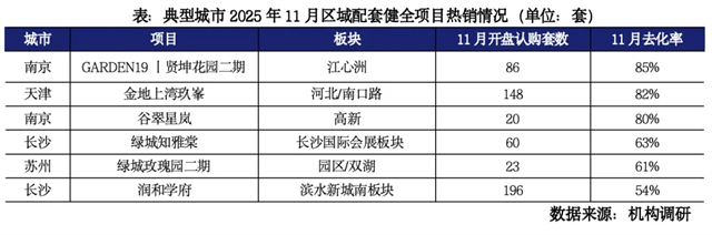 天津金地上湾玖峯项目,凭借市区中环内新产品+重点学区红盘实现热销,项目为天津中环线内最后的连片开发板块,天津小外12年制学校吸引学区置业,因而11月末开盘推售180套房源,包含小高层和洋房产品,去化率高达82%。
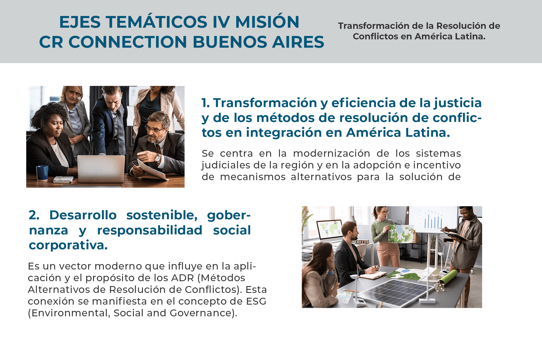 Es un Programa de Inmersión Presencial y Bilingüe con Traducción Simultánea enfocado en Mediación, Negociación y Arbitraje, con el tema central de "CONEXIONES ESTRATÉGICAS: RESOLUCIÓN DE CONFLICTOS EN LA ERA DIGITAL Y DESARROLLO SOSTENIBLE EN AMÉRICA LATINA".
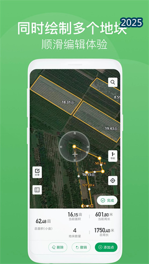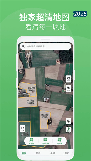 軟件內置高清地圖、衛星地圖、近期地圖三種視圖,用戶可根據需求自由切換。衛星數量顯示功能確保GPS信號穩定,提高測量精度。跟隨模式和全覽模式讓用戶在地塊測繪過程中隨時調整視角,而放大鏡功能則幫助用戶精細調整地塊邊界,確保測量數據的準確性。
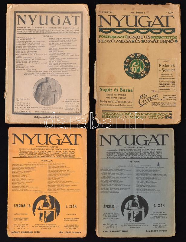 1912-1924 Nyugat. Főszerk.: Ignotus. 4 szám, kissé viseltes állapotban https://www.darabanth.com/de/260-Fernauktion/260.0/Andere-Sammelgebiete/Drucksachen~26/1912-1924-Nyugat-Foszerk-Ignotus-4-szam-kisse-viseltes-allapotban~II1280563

━━━━━━━━━━━━━━━━━━━━━━━━━━━━━━

**WHAT TO PRODUCE**
Transcribe only the lines from the one holding "軟件內置高清地圖、衛星地圖、" through the last line of the listing above, inclusive, and do not include the pictures.

**REPLY**
 軟件內置高清地圖、衛星地圖、近期地圖三種視圖,用戶可根據需求自由切換。衛星數量顯示功能確保GPS信號穩定,提高測量精度。跟隨模式和全覽模式讓用戶在地塊測繪過程中隨時調整視角,而放大鏡功能則幫助用戶精細調整地塊邊界,確保測量數據的準確性。
 1912-1924 Nyugat. Főszerk.: Ignotus. 4 szám, kissé viseltes állapotban https://www.darabanth.com/de/260-Fernauktion/260.0/Andere-Sammelgebiete/Drucksachen~26/1912-1924-Nyugat-Foszerk-Ignotus-4-szam-kisse-viseltes-allapotban~II1280563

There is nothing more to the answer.